Ah qu’il semble loin le temps béni des colonies d’apprentis humoristes qui testaient leurs saillies drolatiques à même le pavé, interpellant ça et là l’individu à la couleur de peau un peu trop foncée, à la kipa un peu trop visible, à la démarche un peu trop efféminée. Un droit fondamental à la vindicte goguenarde que quelques esprits mal éclairés auraient tantôt fait disparaître au nom de celui des Lumières.
Dès lors, la scène resta le seul endroit où il eut été possible de s’exprimer librement, sans contrainte et sans crainte. La scène, c’est précisément le terrain de jeu où quelques humoristes, garants de la lutte contre la tyrannie bienpensante, s’acharnent à dire tout haut ce que beaucoup n’osaient même plus penser tout bas.
« Les arabes sont des terroristes », « Les roumains sont tous des voleurs », « les juifs contrôlent le monde » sont les thèmes récurrents qui réjouissent un public venu en masse acclamer le génie de la provocation, l’éloquence du politiquement incorrect. Leur muse est la xénophobie. Leur xénophobie amuse.
Peut-être peut-on simplement reprocher à ces artistes audacieux d’être quelque peu frileux à l’idée de franchir l’ultime limite. Car l’expression scénique, dans sa quête de liberté totale, doit-elle se limiter au seul usage d’une prose débridée ? Pourquoi ne pas imaginer des scènes de violences physiques et contraintes qui feraient hurler d’effroi les dépositaires de l’ordre moral, et de joie ses pourfendeurs ?
Peut-être est-ce là le prochain défi du spécialiste en dérapages parfaitement contrôlés, aujourd’hui au cœur de l’actualité et des centres d’intérêts du ministre de l’Intérieur : Dieudonné M’bala M’bala. Plusieurs fois condamné par la justice pour, entre autres, « diffamation publique à caractère racial », certains vont jusqu’à se demander s’il est encore légitime de le présenter comme un humoriste.
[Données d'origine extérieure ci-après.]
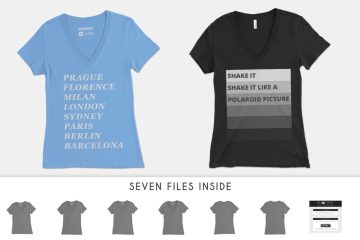 这组Photoshop模板包包括6个逼真的深V短袖T恤模板,以及一个详细的教程。4K文件确保你的设计在经过裁剪和放大后在显示器上看起来依然很棒。
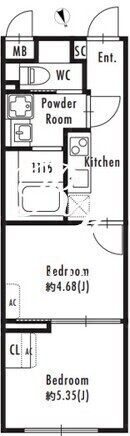 | 平米数 | 30.30m2 | 部屋詳細 | 洋室5.35帖/洋室4.68帖/K2帖 |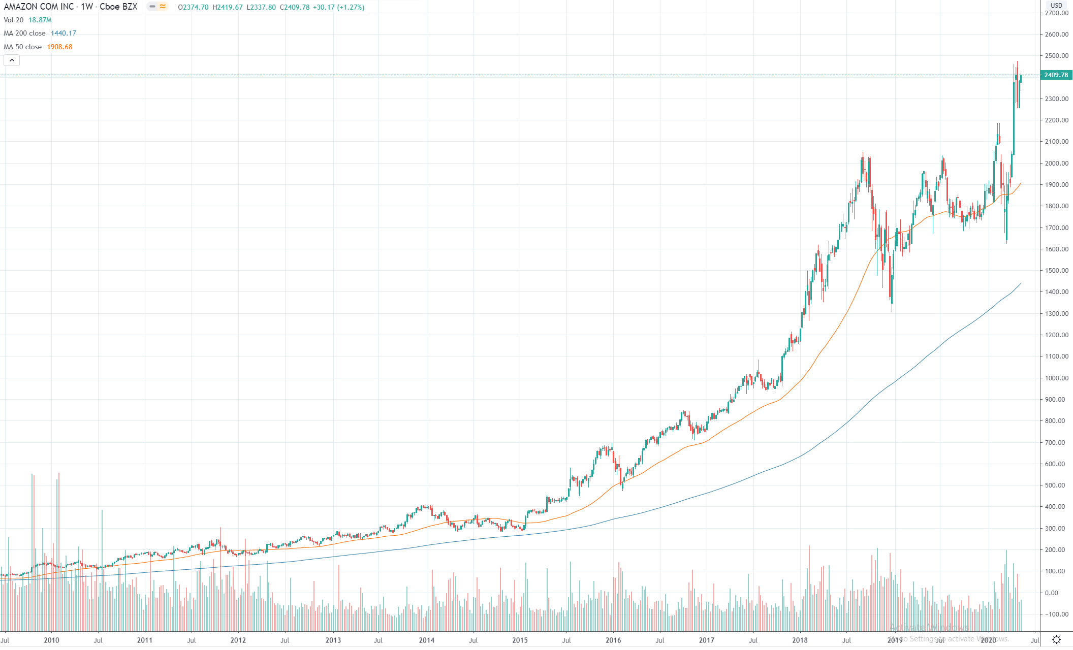Akciám Amazonu prospela aj súčasná kríza. Koronavirus totiž uzavrel ľudí vo svojich domovoch a tí tak na svoje nákupy ešte viac využívajú Amazon. Navyše, Amazonu pravdepodobne prospeje aj začínajúca obchodná vojna s Čínou:
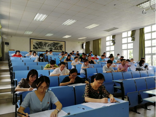 最后,全体教工党员进行全面从严治党基础知识考试。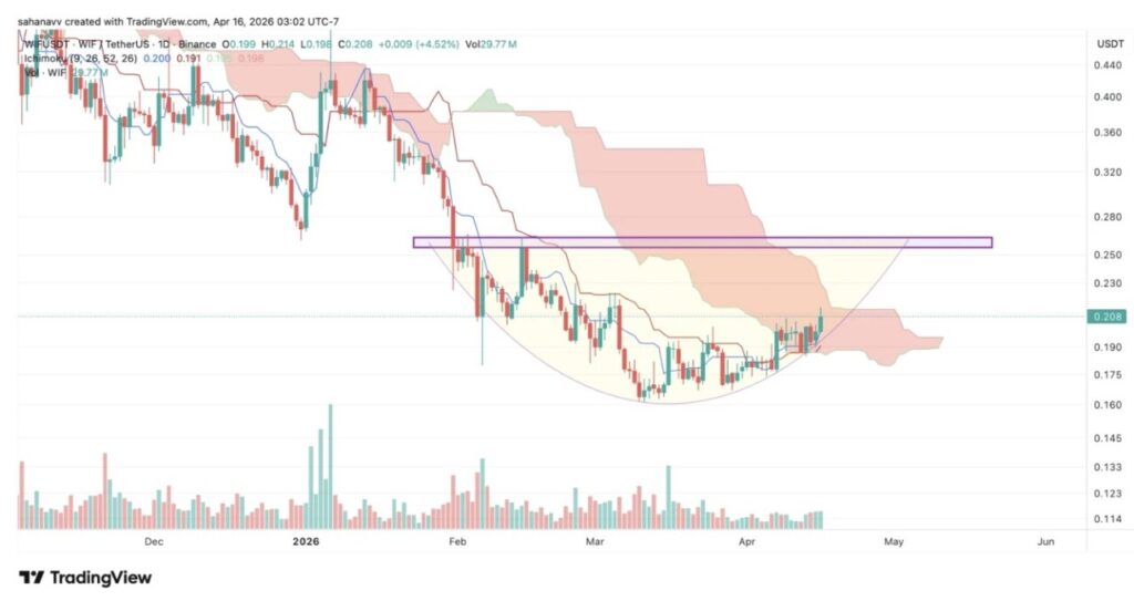 Breakout ke atas $0,26 dapat mendorong harga menuju $0,30 dan $0,34, sementara penolakan (rejection) dapat menarik WIF turun kembali menuju support $0,18–$0,16, sehingga menjaga struktur bearish tetap utuh.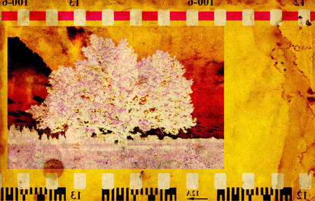 Old camera film strip with photo background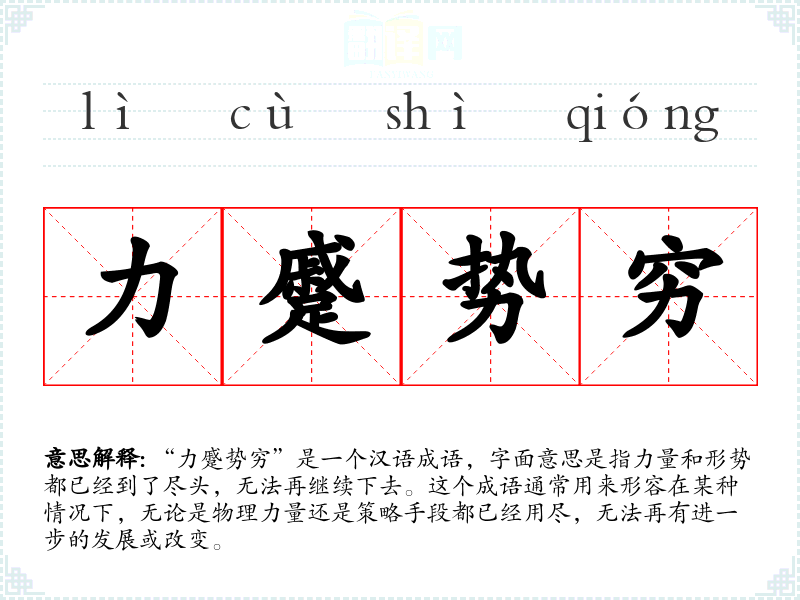 “力蹙势穷”是一个汉语成语,字面意思是指力量和形势都已经到了尽头,无法再继续下去。这个成语通常用来形容在某种情况下,无论是物理力量还是策略手段都已经用尽,无法再有进一步的发展或改变。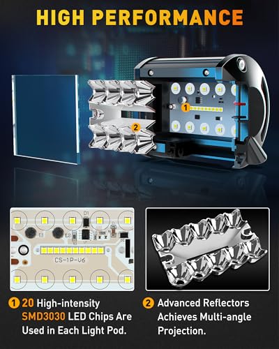 [Outstanding Performance] - The light pods kit adopts die-cast aluminum housing and advanced sealing technology, waterproof level reaches IP68, with a sturdy PC lens panel, which effectively resists variable and severe weather. Besides, 10 cooling fans are designed to dissipate heat efficiently. These features enhance the lifespan of the pod lights up to 50,000 Hrs. Providing reliable performance even in the most challenging environments.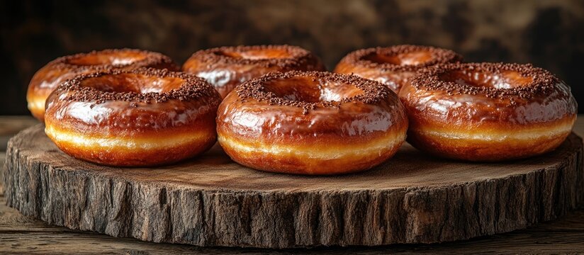 Freshly glazed donuts arranged on a rustic wooden board with a textured background for a warm, inviting food presentation.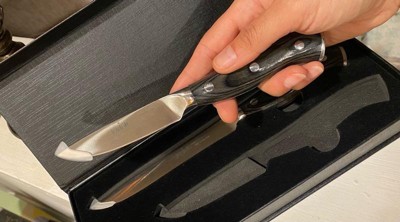 [This review was collected as part of a promotion.] I got these knives for free on Influenster in exchange for my honest review. These knives are awesome. They are so sharp it takes very little effort to cut. I used them to cut chicken and they did amazing! They come in a beautiful black velvet case and also have a guard that you can slip on when not in use. Overall, this a great addition to any knife collection.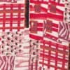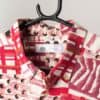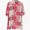 Mens 90s vintage printed shirt with hot red, pink and purple geometric lion fish inspired patten, including polka dot and lattice shapes. This gives me real Caribbean coral reef vibes and will raise the temperature of any party!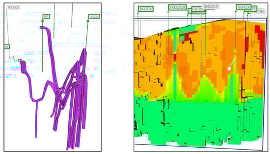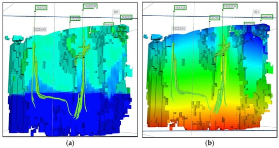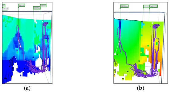 By simulating the streamline of the injected water, the flow direction of the injected water in the TK832CH well can be shown as in Figure 11. The simulation results indicated an occurrence of bottom water coning in the TK832CH well. In addition, the injected water in the TK832CH well was produced through the connection of the bottom water line from three wells, namely S91, TK870X, and TK892X.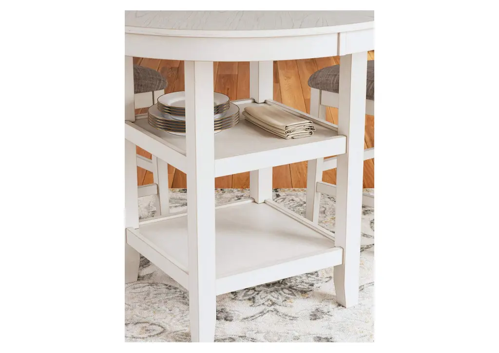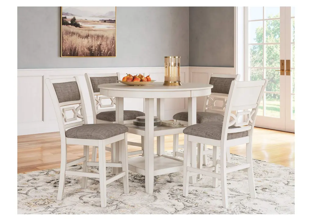 Come together for a delightful dining experience. Chic and relaxed, the Erinberg counter height dining table and bar stool set effortlessly captivates with its elegant simplicity. The timeless design pairs a crisp white hue with gray textured upholstery. It's a fresh addition everyone will notice. Weight 149.000 lbs. (67.05kgs.)
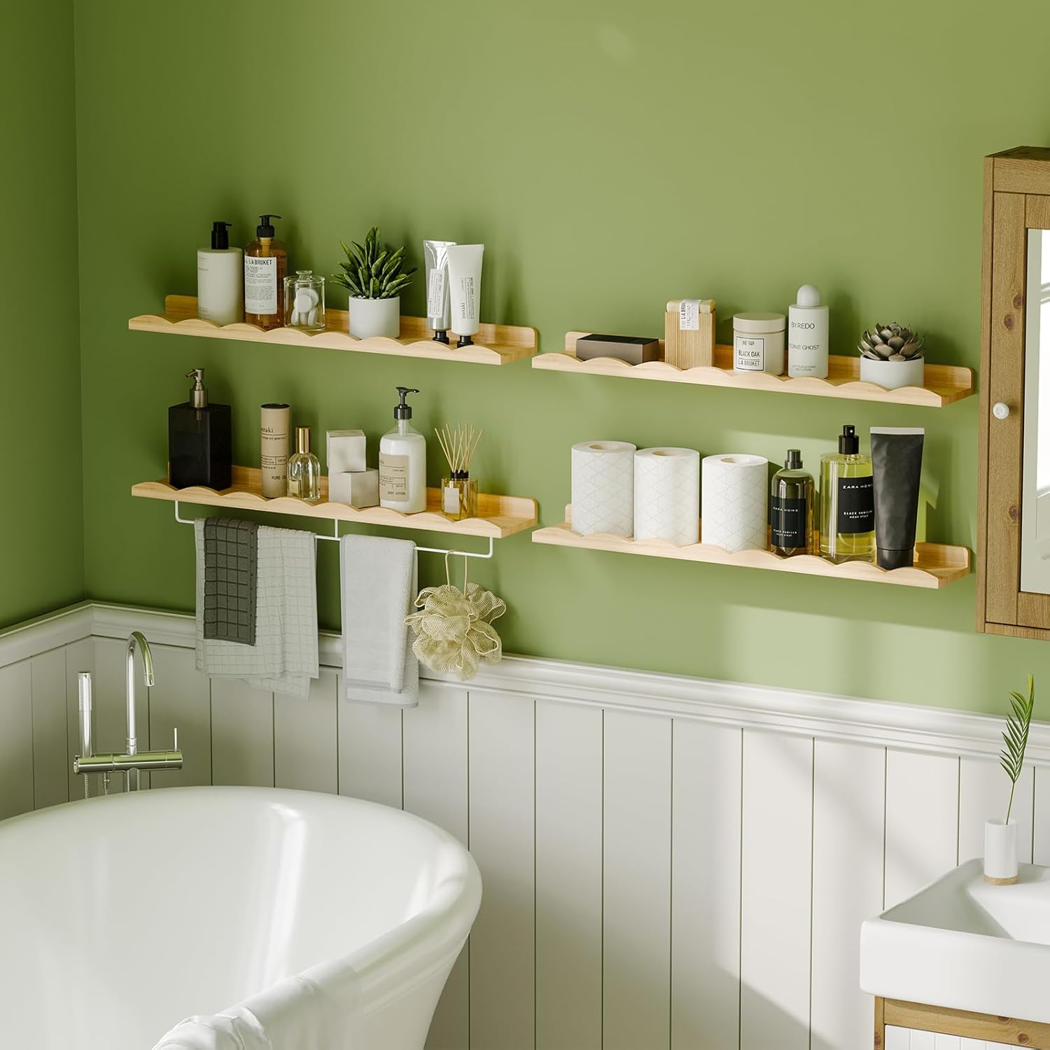 Fixwal Nursery Shelves, 24 Inch Floating Bookshelves for Wall Set of 4, Scalloped Wall Book Shelves with Towel Rack for Kids, Toddler Room, Baby Room, Nursery Decor and Storage(Natural Wood)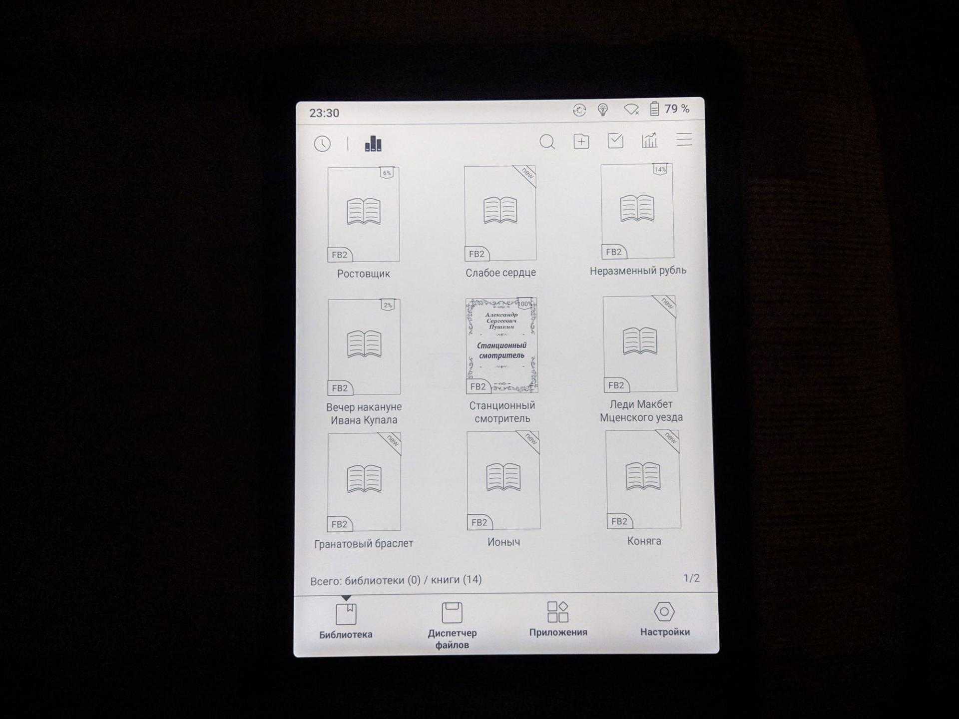 Ну а что касается непосредственно работы с книгами, то тут всё в духе Onyx. Есть библиотека, которая сортирует работы по авторам, названиям и сериям. В поиске их можно находить с помощью фильтров. А установка книг — моментальная. Стандартные читалки позволяют открывать их даже с zip-файлов, но я всё же решил пользоваться сторонними.

À en croire la vigueur avec laquelle il défend la liberté d’expression en même temps que les régimes politiques les plus répressifs en la matière à travers le monde, force est de constater l’évidence : il fait rire.
Mais de plus en plus à ses dépens. Car en coulisses, les déclarations se font obscènes. Plus de doute possible sur ses réelles convictions. Précisément parce que le prétendu humoriste n’est pas n’importe qui, on ne peut plus rire du tout.